FIG. 2 shows a second embodiment. In addition to the configuration of the first embodiment of FIG. 1, a protective tube 10 is provided around the light source 5 so as to surround it. The protective tube 10 is made of a material such as quartz glass that transmits near-infrared light from the light source 5, is provided so as to penetrate the housing 2, and penetrates the openings 21 at both ends of the housing 2. It protrudes to the outside and extends, and is supported by support legs 7 at both ends thereof.
The protective tube 10 prevents dust or the like generated by stirring the workpiece M in the housing 2 from adhering to the light source 5, and does not degrade performance.

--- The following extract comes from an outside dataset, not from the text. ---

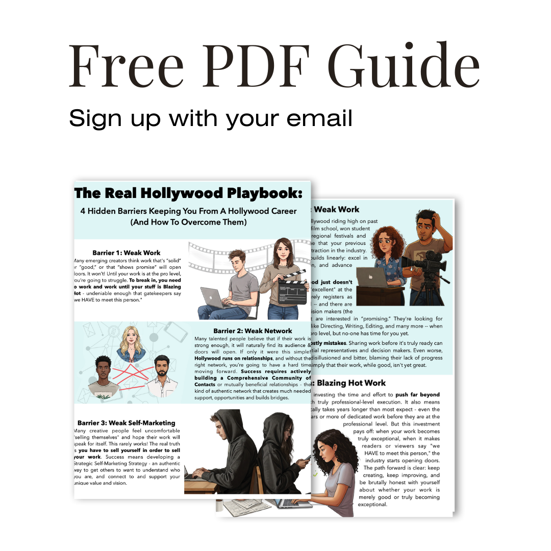 I’ll also send you a few high-value emails, packed with tools that will help you launch your Hollywood career. Think advice, tips, tricks, and examples of what to do — and what not to do — laser-focused on breaking in and staying in this exciting and challenging business.

FIG. 3 shows a third embodiment. In the second embodiment of FIG. 2, the protective tube 10 is supported independently of the housing 2 whereas the protective tube 10 is supported by the housing 2. It is what is installed in. That is, both ends of the protective tube 10 are attached to both ends of the housing 2.
In this embodiment, the protective tube 10 rotates together with the housing 2. However, the light source 5 is independent of the housing 2 as in the first embodiment of FIG. It will not be cut.

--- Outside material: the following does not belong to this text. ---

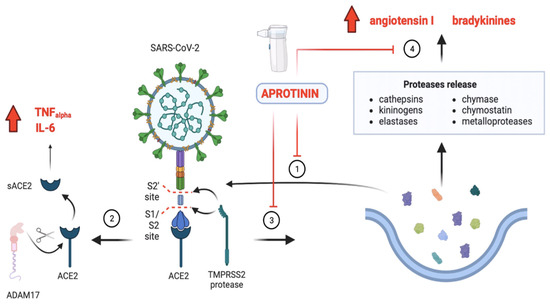 The antiviral activity of aprotinin is due to its non-specific inhibition of host proteases that are required for the proteolytic cleavage of the viral protein S, which is involved in the infectious process of entry through ACE2. In addition, during this entry process, the virus stimulates the increased synthesis, release, and action of many proteases, which will also contribute to enhancing its infective capacity and participate in the inflammatory process. For this reason, selective serine-protease TMPRSS2 inhibitor antiviral drugs have been proposed for the treatment of COVID-19 [57]. However, because they do not target the entire spectrum involved in the infective process of SARS-CoV-2 (e.g., cathepsins, trypsin, fibrinogen, or kallikreins), they have reduced efficacy and do not prevent many aspects of the disease. For this reason, broad-spectrum inhibitors such as aprotinin or α1-antitrypsin have shown greater efficacy than more selective drugs [20,21,58] (Figure 2).

FIG. 4 shows a fourth embodiment, in which only one end of the protective tube 10 is open, and the open end 10 a is inserted so as to protrude from the housing 2. A support member 8 is attached so as to close the open end 10 a, and a light source 5 is attached to the support member 8 and is inserted into the protective tube 10. That is, the protective tube 10 and the light source 5 are supported by the support member 8 and inserted into the housing 2 in a cantilever manner.
According to this embodiment, since the protective tube 10 is hermetically sealed by the support member 8, the internal light source 5 is more effectively prevented from being contaminated.

FIG. 5 shows a fifth embodiment. In this embodiment, means for controlling the input power to the light source 5 according to the temperature of the workpiece M is provided.
In FIG. 5, a temperature measuring unit 11 that measures the temperature of the workpiece M is provided on the substrate 51 of the light source 5 inserted into the protective tube 10. The temperature measuring unit 11 is preferably provided at a substantially central portion in the axial direction of the housing 2. The temperature measuring unit 11 is not limited to the substrate 51 of the light source 5, and can be provided on the inner surface or the outer surface of the protective tube 10.
And the temperature measurement part 11 is connected to the light source control part 12, and according to the measured temperature measurement value of the to-be-processed object M, the input power to the light source 5 is controlled by the light source control part 12, and the near is emitted. The intensity of the infrared light can be maintained so that the germination efficiency is high.
In addition, the object to be processed M is not excessively heated, and the near-infrared light from the light source 5 is irradiated while being kept at an appropriate temperature, so that the object to be processed M is not altered. .
Moreover, as the temperature measurement part 11, what measures the temperature of a to-be-processed object by a non-contact system is preferable. By using such a non-contact type temperature measuring unit, the object to be processed which is food and the temperature measuring unit do not contact each other, which is preferable from the viewpoint of hygiene. As such a temperature measuring unit, a radiation thermometer is preferably used.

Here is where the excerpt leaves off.